On Nov. 28, the group visited the magazine, where colonists stored their arms and gunpowder. They later marched to the Governor’s Palace to mimic the protesting townsfolk after they had learned that the governor emptied their supplies for himself. Inside the palace the students were awed by the show of pomp and power displayed in the governor’s grand hallway and visited several rooms.
“I enjoyed learning about how they made guns and how they stored them,” Simu Singh said.
Mrs. Duddy’s group won the hoop and stick relay game and the students discovered that it was much easier getting out of the garden maze than into the center. The evening ended with a ball held by the gentry in the capital building.
In Yorktown the group visited a colonial farmhouse and a continental army encampment. Students squeezed into 7-by-7 foot tents in groups of six and realized some of the problems that soldiers faced. They also loved the cannon being fired.

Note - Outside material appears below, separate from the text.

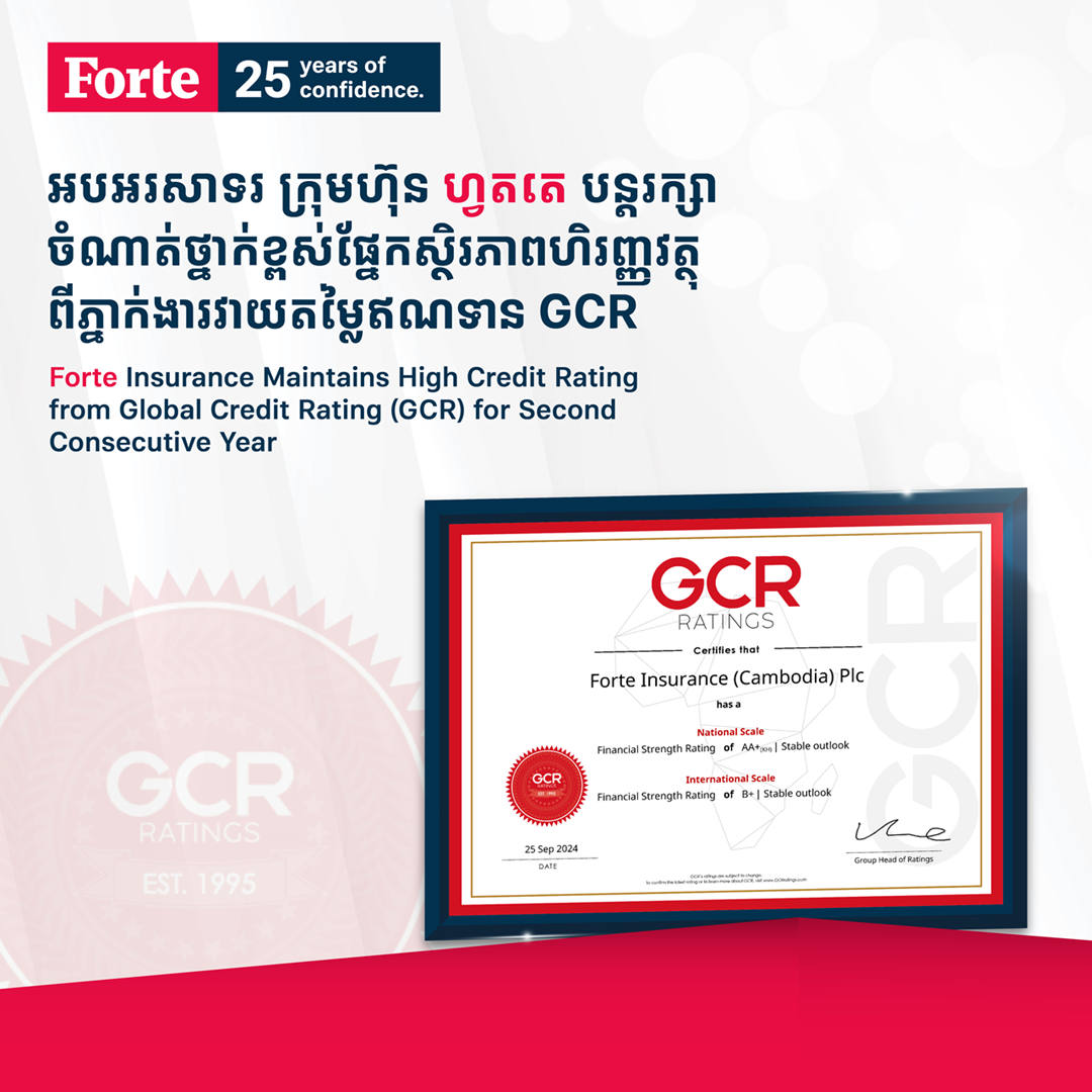 Mr. Suy Channtharong, Chief Executive Officer of Forte Insurance (Cambodia) Plc., expressed pride in this achievement: “As the nation’s oldest and most reputable domestic insurance company, receiving this affirmation from GCR once again is a testament to our financial resilience. Despite the global financial impact affecting various sectors, this rating shows Forte’s adaptability and strength in managing financial operations. We believe this further enhances the trust and confidence that customers and the public have in Forte’s brand.”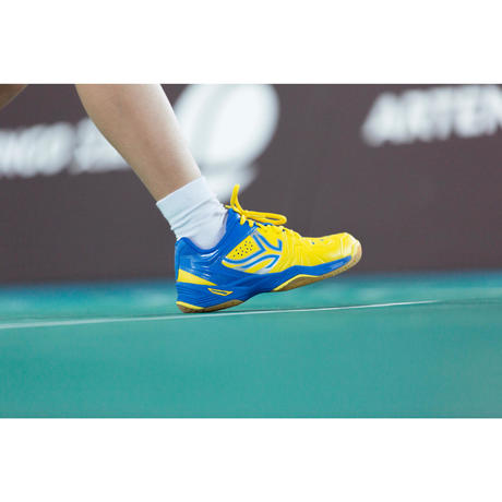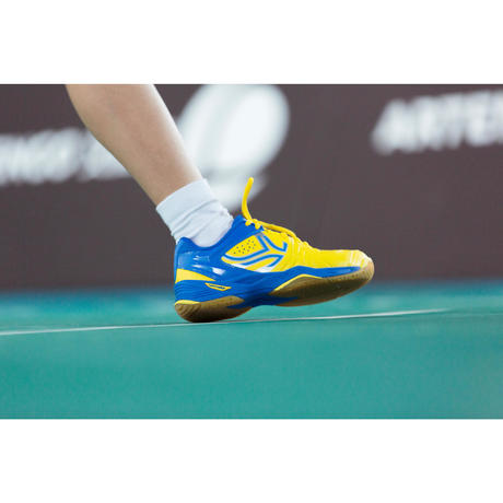 CALÇADO DE BADMINTON CRIANÇA BS800 AMARELO AZUL

The Great Hopes plantation gave the students a glimpse into the lives of slaves on a plantation. They also visited several traders in Williamsburg including the wig maker, shoemaker, blacksmith and cabinetmaker. They worked as a team to pull a bucket of water out of a 42-foot deep well and played thump ball. The evening ended in fun and laughter with African ‘mama and papa’ stories.
“Williamsburg was unforgettable,” Brittney Wilson of North Plainfield said.
“I don’t want to leave Williamsburg,” Noelle Sperrazza of Plainfield said as the students boarded the bus back to school.